** Raw data follows **

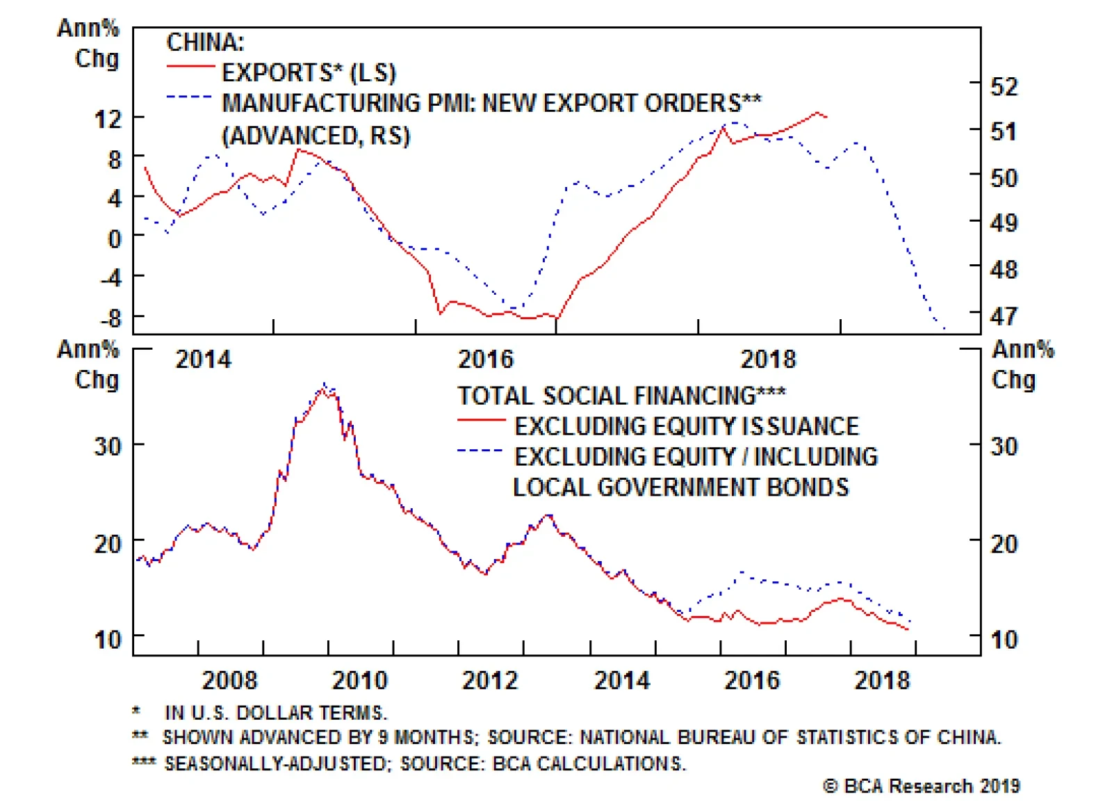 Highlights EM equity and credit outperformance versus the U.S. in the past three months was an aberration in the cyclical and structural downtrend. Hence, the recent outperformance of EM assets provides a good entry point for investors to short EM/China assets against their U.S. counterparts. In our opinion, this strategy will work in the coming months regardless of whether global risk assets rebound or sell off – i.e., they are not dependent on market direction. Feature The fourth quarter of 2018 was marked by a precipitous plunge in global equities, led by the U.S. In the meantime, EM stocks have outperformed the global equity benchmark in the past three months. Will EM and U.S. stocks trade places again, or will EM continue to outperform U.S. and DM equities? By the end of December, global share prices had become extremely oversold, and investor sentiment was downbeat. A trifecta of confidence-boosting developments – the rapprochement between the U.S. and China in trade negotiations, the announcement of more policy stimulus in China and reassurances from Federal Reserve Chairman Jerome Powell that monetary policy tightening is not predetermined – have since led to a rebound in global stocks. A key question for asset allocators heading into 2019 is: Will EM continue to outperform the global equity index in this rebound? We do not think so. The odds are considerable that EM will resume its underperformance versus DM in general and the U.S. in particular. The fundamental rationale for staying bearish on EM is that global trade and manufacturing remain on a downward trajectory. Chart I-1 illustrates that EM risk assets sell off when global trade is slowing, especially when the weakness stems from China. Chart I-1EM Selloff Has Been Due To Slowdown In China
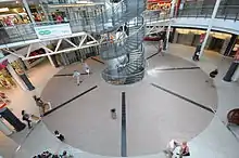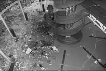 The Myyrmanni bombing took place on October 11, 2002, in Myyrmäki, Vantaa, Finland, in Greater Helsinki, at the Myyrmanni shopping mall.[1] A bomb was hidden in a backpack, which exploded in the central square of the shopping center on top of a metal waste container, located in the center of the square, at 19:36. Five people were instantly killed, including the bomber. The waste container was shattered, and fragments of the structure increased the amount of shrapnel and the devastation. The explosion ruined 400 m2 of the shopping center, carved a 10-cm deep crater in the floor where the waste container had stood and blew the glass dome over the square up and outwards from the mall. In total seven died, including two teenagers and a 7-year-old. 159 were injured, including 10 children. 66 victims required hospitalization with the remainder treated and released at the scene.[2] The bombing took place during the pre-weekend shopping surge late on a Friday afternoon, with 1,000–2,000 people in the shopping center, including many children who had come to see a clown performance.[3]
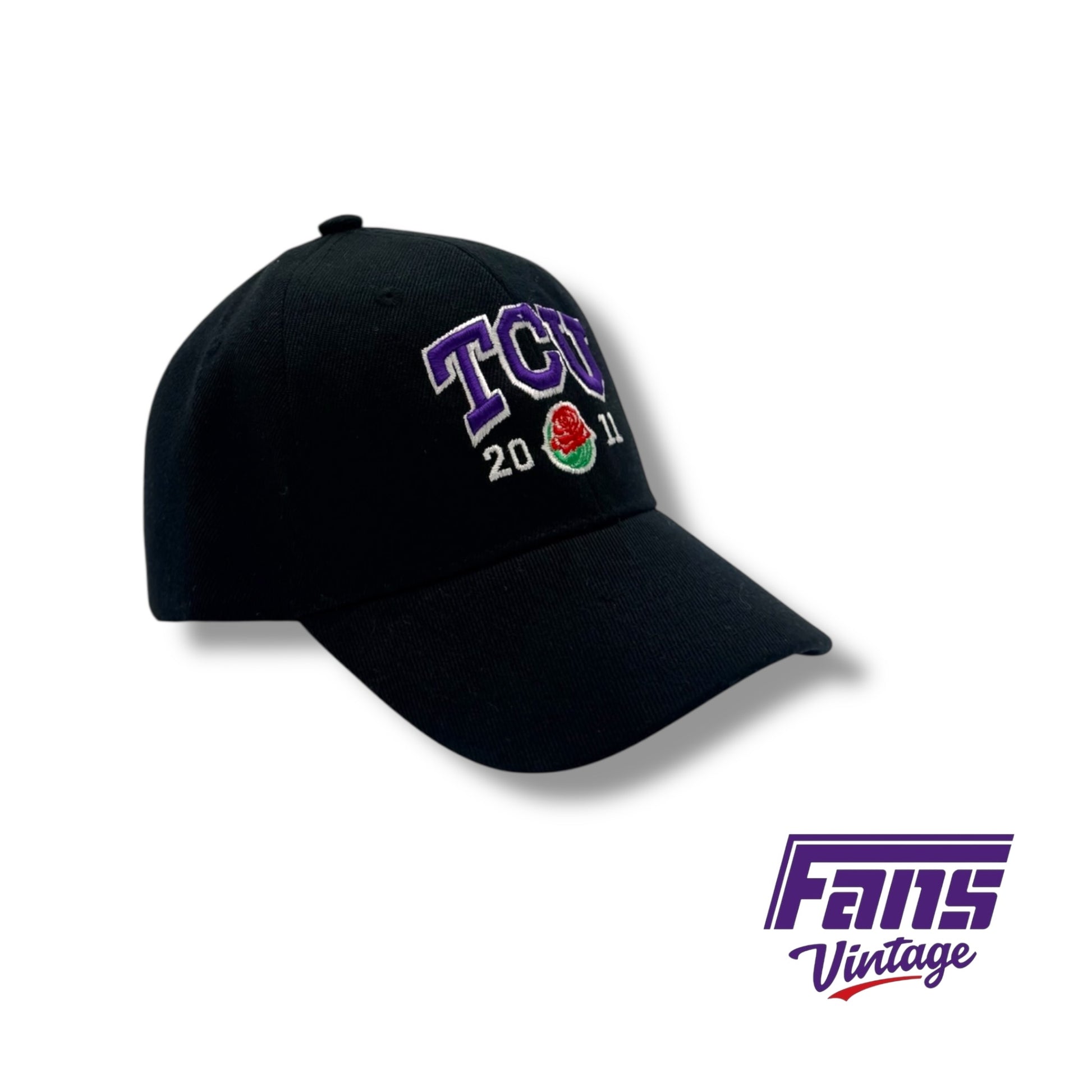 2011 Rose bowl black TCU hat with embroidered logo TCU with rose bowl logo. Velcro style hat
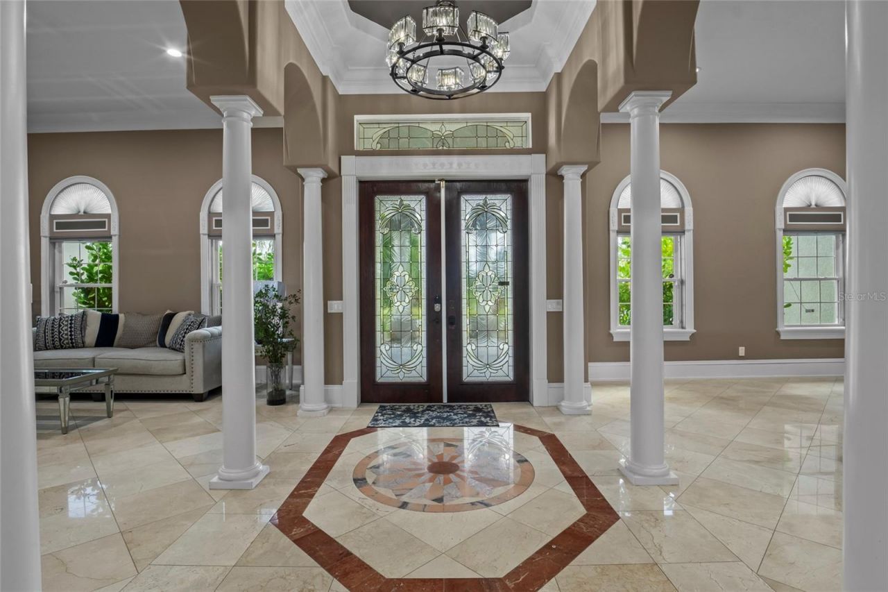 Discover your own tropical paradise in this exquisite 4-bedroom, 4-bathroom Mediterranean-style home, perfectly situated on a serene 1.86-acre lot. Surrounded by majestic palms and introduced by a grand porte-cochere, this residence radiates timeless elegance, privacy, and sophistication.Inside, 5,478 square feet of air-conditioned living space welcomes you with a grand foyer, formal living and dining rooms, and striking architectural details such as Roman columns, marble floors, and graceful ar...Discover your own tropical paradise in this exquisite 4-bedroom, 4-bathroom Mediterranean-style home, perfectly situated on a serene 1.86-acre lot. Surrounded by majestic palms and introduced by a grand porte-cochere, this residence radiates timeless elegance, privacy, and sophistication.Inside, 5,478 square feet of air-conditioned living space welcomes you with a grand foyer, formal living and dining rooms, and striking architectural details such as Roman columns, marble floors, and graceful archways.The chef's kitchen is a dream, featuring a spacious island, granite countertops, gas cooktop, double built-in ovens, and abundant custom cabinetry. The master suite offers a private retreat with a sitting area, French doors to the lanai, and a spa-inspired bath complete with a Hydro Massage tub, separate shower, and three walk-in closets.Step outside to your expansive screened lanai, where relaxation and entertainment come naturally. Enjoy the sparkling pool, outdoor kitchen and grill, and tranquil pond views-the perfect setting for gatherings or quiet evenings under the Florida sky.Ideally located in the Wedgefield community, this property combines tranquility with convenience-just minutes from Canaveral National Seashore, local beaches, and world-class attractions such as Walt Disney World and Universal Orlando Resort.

** End of Raw data **

• What you should do:
Print the material above once more, exactly. No pictures belong in it.

• Task solution:
 Highlights EM equity and credit outperformance versus the U.S. in the past three months was an aberration in the cyclical and structural downtrend. Hence, the recent outperformance of EM assets provides a good entry point for investors to short EM/China assets against their U.S. counterparts. In our opinion, this strategy will work in the coming months regardless of whether global risk assets rebound or sell off – i.e., they are not dependent on market direction. Feature The fourth quarter of 2018 was marked by a precipitous plunge in global equities, led by the U.S. In the meantime, EM stocks have outperformed the global equity benchmark in the past three months. Will EM and U.S. stocks trade places again, or will EM continue to outperform U.S. and DM equities? By the end of December, global share prices had become extremely oversold, and investor sentiment was downbeat. A trifecta of confidence-boosting developments – the rapprochement between the U.S. and China in trade negotiations, the announcement of more policy stimulus in China and reassurances from Federal Reserve Chairman Jerome Powell that monetary policy tightening is not predetermined – have since led to a rebound in global stocks. A key question for asset allocators heading into 2019 is: Will EM continue to outperform the global equity index in this rebound? We do not think so. The odds are considerable that EM will resume its underperformance versus DM in general and the U.S. in particular. The fundamental rationale for staying bearish on EM is that global trade and manufacturing remain on a downward trajectory. Chart I-1 illustrates that EM risk assets sell off when global trade is slowing, especially when the weakness stems from China. Chart I-1EM Selloff Has Been Due To Slowdown In China
 The Myyrmanni bombing took place on October 11, 2002, in Myyrmäki, Vantaa, Finland, in Greater Helsinki, at the Myyrmanni shopping mall.[1] A bomb was hidden in a backpack, which exploded in the central square of the shopping center on top of a metal waste container, located in the center of the square, at 19:36. Five people were instantly killed, including the bomber. The waste container was shattered, and fragments of the structure increased the amount of shrapnel and the devastation. The explosion ruined 400 m2 of the shopping center, carved a 10-cm deep crater in the floor where the waste container had stood and blew the glass dome over the square up and outwards from the mall. In total seven died, including two teenagers and a 7-year-old. 159 were injured, including 10 children. 66 victims required hospitalization with the remainder treated and released at the scene.[2] The bombing took place during the pre-weekend shopping surge late on a Friday afternoon, with 1,000–2,000 people in the shopping center, including many children who had come to see a clown performance.[3]
 2011 Rose bowl black TCU hat with embroidered logo TCU with rose bowl logo. Velcro style hat
 Discover your own tropical paradise in this exquisite 4-bedroom, 4-bathroom Mediterranean-style home, perfectly situated on a serene 1.86-acre lot. Surrounded by majestic palms and introduced by a grand porte-cochere, this residence radiates timeless elegance, privacy, and sophistication.Inside, 5,478 square feet of air-conditioned living space welcomes you with a grand foyer, formal living and dining rooms, and striking architectural details such as Roman columns, marble floors, and graceful ar...Discover your own tropical paradise in this exquisite 4-bedroom, 4-bathroom Mediterranean-style home, perfectly situated on a serene 1.86-acre lot. Surrounded by majestic palms and introduced by a grand porte-cochere, this residence radiates timeless elegance, privacy, and sophistication.Inside, 5,478 square feet of air-conditioned living space welcomes you with a grand foyer, formal living and dining rooms, and striking architectural details such as Roman columns, marble floors, and graceful archways.The chef's kitchen is a dream, featuring a spacious island, granite countertops, gas cooktop, double built-in ovens, and abundant custom cabinetry. The master suite offers a private retreat with a sitting area, French doors to the lanai, and a spa-inspired bath complete with a Hydro Massage tub, separate shower, and three walk-in closets.Step outside to your expansive screened lanai, where relaxation and entertainment come naturally. Enjoy the sparkling pool, outdoor kitchen and grill, and tranquil pond views-the perfect setting for gatherings or quiet evenings under the Florida sky.Ideally located in the Wedgefield community, this property combines tranquility with convenience-just minutes from Canaveral National Seashore, local beaches, and world-class attractions such as Walt Disney World and Universal Orlando Resort.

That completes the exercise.